══ Working data

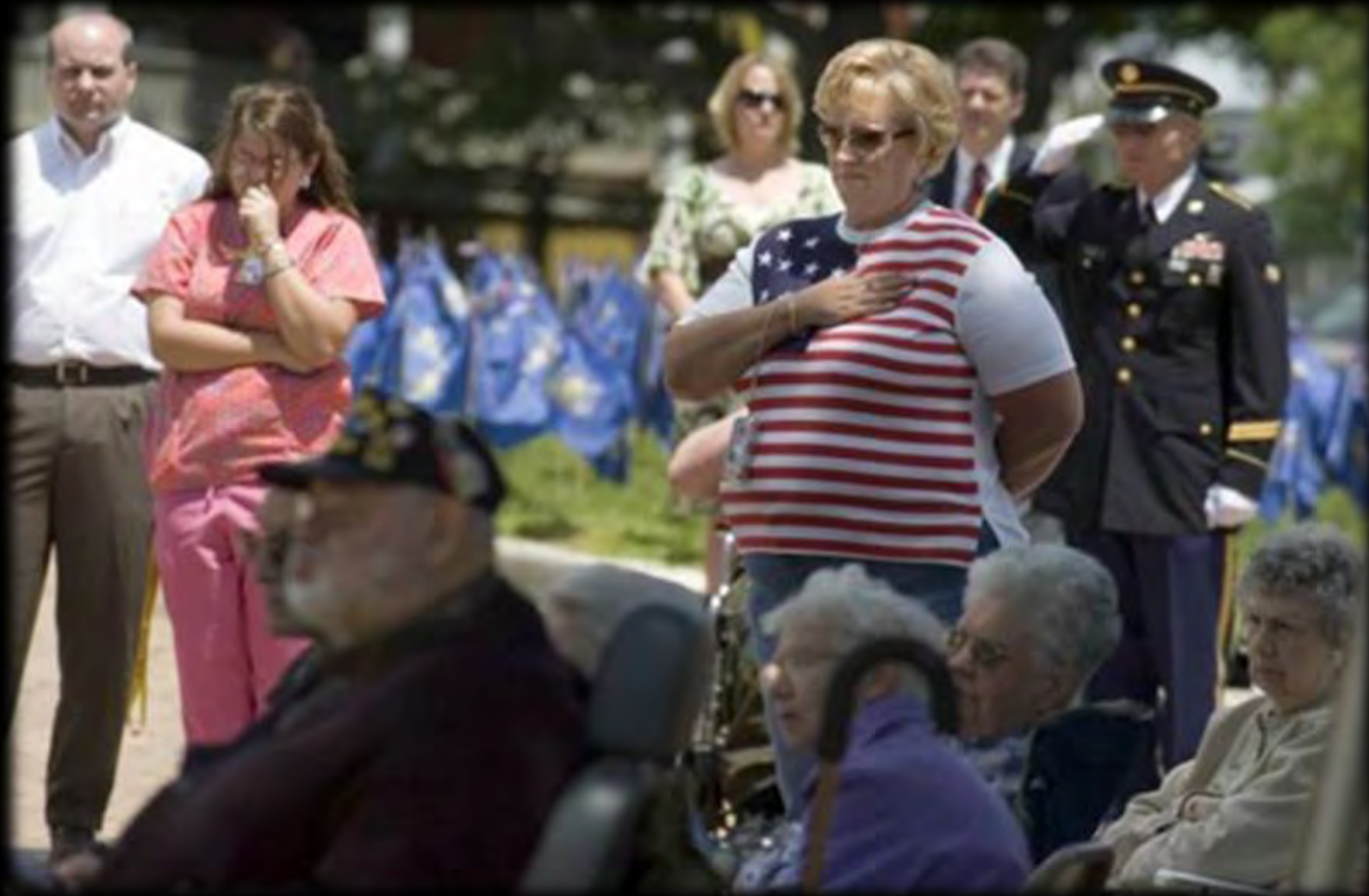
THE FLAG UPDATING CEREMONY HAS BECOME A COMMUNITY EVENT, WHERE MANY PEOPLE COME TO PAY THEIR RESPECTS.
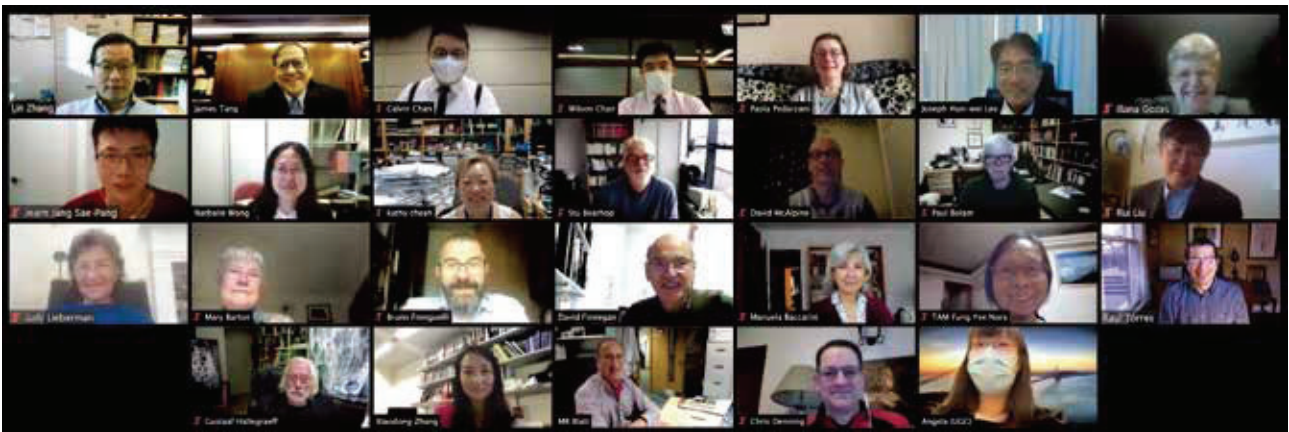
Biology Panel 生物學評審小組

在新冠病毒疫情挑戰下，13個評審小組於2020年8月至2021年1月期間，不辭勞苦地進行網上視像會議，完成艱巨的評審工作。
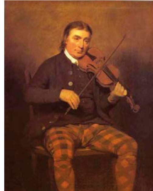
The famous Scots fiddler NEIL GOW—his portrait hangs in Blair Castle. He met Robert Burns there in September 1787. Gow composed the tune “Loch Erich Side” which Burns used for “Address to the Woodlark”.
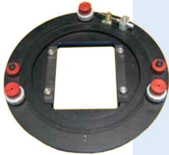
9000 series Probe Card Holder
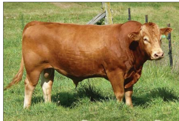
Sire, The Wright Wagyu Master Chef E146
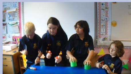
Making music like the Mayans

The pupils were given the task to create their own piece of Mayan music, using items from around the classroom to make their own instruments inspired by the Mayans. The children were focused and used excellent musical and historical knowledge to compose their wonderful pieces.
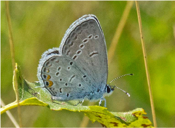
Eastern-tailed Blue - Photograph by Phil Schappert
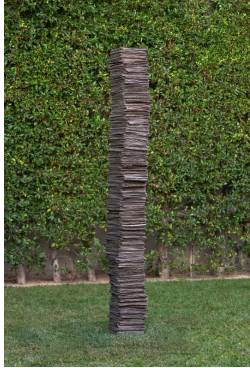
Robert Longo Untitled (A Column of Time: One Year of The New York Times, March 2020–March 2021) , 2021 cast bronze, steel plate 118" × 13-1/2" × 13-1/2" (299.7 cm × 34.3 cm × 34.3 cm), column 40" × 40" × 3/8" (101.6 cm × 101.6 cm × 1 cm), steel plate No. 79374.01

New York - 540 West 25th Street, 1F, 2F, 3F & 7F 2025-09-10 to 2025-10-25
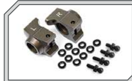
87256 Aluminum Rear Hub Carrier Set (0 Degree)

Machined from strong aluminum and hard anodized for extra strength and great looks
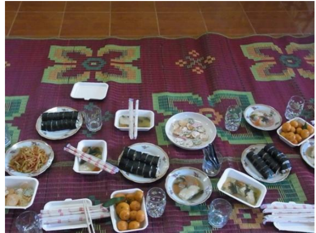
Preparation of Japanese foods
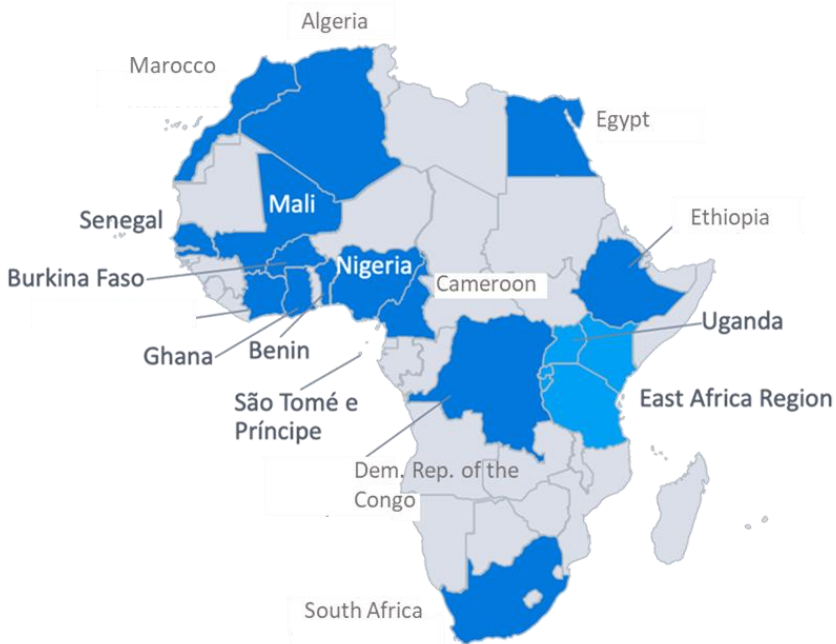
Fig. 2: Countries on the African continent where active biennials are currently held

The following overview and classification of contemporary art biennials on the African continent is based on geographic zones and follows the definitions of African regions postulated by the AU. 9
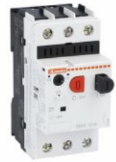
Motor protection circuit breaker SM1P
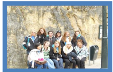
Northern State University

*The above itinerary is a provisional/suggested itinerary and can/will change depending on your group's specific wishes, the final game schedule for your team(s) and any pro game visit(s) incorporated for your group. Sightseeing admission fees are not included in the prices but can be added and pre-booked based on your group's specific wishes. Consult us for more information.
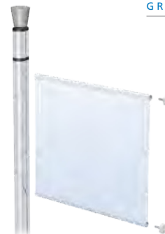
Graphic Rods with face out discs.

════

## Exercise instructions
What is the number of lines in the records that contain "Mayans"? State that number alone.

## Solution to the problem
2